TASK PROMPT
Reproduce the full listing below unchanged, apart from the pictures.

DATA EXTRACTS

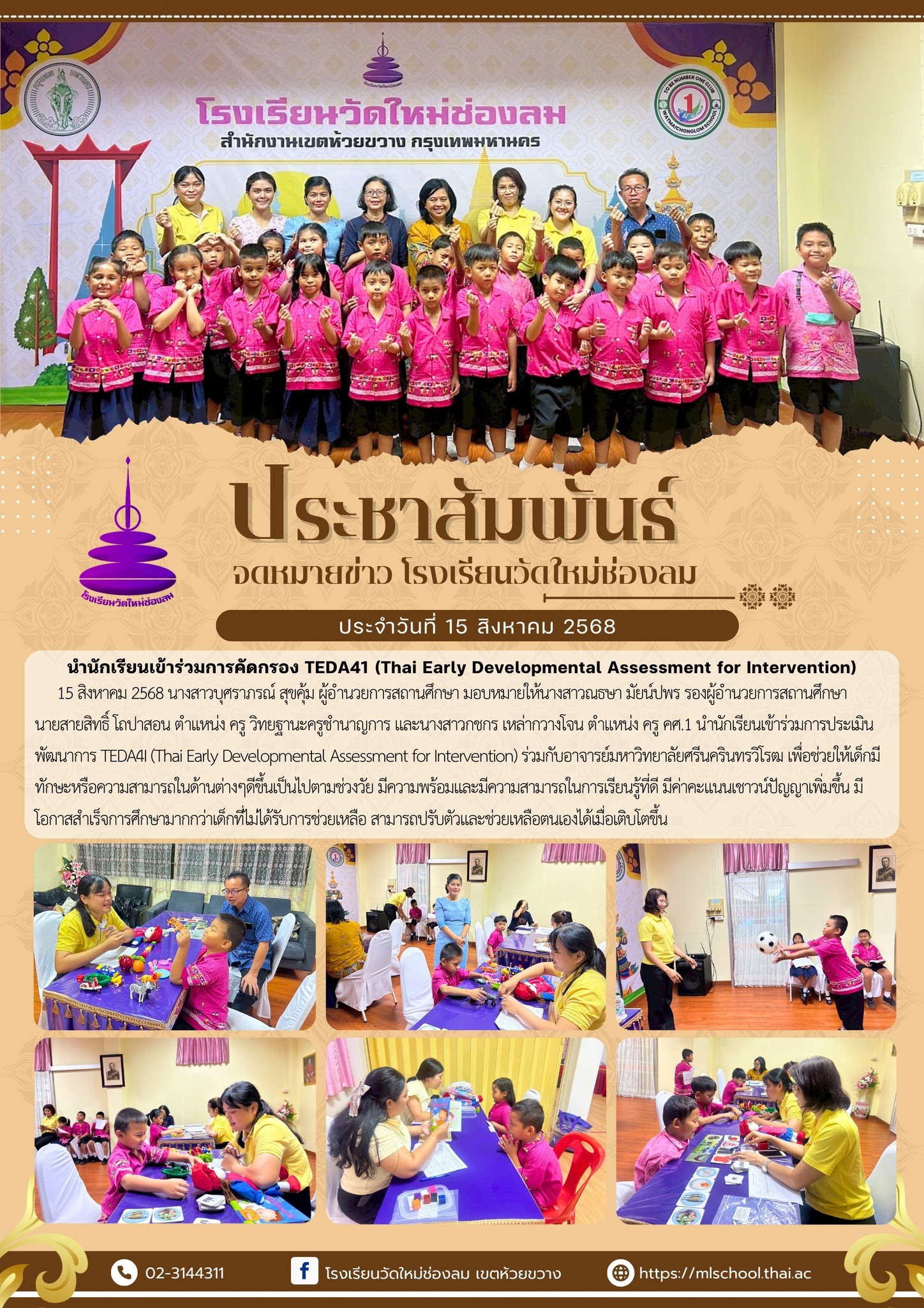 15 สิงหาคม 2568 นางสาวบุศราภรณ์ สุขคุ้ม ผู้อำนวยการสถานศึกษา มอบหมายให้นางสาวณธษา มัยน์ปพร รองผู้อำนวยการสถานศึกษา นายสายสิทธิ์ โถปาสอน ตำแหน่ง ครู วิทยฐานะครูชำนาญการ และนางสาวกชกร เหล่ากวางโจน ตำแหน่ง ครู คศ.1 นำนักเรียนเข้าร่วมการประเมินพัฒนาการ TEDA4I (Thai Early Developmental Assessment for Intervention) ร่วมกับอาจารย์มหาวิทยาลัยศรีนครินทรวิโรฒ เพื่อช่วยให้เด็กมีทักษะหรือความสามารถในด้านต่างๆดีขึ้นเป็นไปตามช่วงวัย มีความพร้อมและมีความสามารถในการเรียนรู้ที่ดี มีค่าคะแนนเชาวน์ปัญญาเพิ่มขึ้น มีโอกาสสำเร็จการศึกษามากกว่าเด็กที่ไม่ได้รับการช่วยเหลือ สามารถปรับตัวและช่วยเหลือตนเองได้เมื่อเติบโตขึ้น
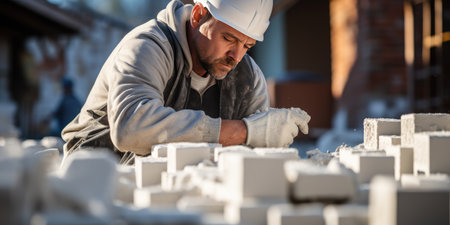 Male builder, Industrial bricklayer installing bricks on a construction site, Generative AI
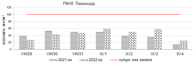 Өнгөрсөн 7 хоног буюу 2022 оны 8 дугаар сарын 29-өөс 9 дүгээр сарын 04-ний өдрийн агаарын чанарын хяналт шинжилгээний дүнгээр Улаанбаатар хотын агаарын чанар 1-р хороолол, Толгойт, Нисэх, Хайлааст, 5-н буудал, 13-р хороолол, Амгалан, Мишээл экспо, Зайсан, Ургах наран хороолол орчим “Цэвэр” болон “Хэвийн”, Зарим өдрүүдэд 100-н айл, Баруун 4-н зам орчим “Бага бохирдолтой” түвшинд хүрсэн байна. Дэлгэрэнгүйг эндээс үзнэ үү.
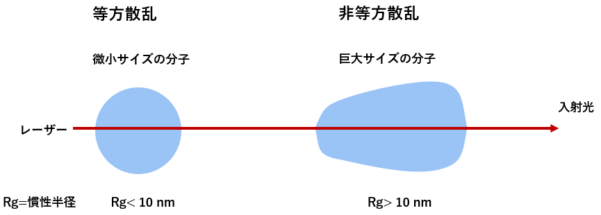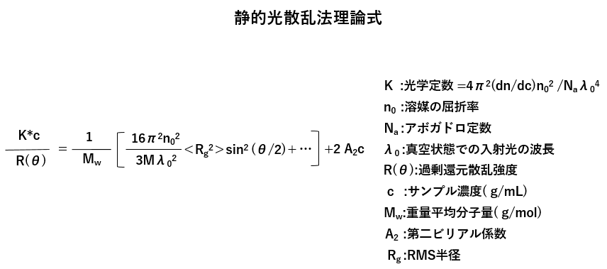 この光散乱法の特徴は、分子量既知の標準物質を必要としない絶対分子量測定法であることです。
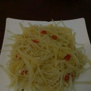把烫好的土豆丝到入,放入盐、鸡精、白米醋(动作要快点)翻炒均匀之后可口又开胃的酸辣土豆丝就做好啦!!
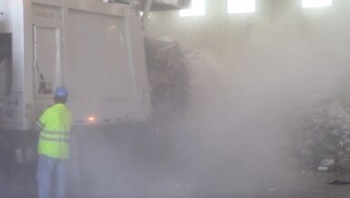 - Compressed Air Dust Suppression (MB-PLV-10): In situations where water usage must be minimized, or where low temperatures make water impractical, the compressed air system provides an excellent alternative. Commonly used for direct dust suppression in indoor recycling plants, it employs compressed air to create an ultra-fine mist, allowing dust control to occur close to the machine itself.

ANSWER FOR THIS EXERCISE
 15 สิงหาคม 2568 นางสาวบุศราภรณ์ สุขคุ้ม ผู้อำนวยการสถานศึกษา มอบหมายให้นางสาวณธษา มัยน์ปพร รองผู้อำนวยการสถานศึกษา นายสายสิทธิ์ โถปาสอน ตำแหน่ง ครู วิทยฐานะครูชำนาญการ และนางสาวกชกร เหล่ากวางโจน ตำแหน่ง ครู คศ.1 นำนักเรียนเข้าร่วมการประเมินพัฒนาการ TEDA4I (Thai Early Developmental Assessment for Intervention) ร่วมกับอาจารย์มหาวิทยาลัยศรีนครินทรวิโรฒ เพื่อช่วยให้เด็กมีทักษะหรือความสามารถในด้านต่างๆดีขึ้นเป็นไปตามช่วงวัย มีความพร้อมและมีความสามารถในการเรียนรู้ที่ดี มีค่าคะแนนเชาวน์ปัญญาเพิ่มขึ้น มีโอกาสสำเร็จการศึกษามากกว่าเด็กที่ไม่ได้รับการช่วยเหลือ สามารถปรับตัวและช่วยเหลือตนเองได้เมื่อเติบโตขึ้น
 Male builder, Industrial bricklayer installing bricks on a construction site, Generative AI
 Өнгөрсөн 7 хоног буюу 2022 оны 8 дугаар сарын 29-өөс 9 дүгээр сарын 04-ний өдрийн агаарын чанарын хяналт шинжилгээний дүнгээр Улаанбаатар хотын агаарын чанар 1-р хороолол, Толгойт, Нисэх, Хайлааст, 5-н буудал, 13-р хороолол, Амгалан, Мишээл экспо, Зайсан, Ургах наран хороолол орчим “Цэвэр” болон “Хэвийн”, Зарим өдрүүдэд 100-н айл, Баруун 4-н зам орчим “Бага бохирдолтой” түвшинд хүрсэн байна. Дэлгэрэнгүйг эндээс үзнэ үү.
 この光散乱法の特徴は、分子量既知の標準物質を必要としない絶対分子量測定法であることです。
把烫好的土豆丝到入,放入盐、鸡精、白米醋(动作要快点)翻炒均匀之后可口又开胃的酸辣土豆丝就做好啦!!
 - Compressed Air Dust Suppression (MB-PLV-10): In situations where water usage must be minimized, or where low temperatures make water impractical, the compressed air system provides an excellent alternative. Commonly used for direct dust suppression in indoor recycling plants, it employs compressed air to create an ultra-fine mist, allowing dust control to occur close to the machine itself.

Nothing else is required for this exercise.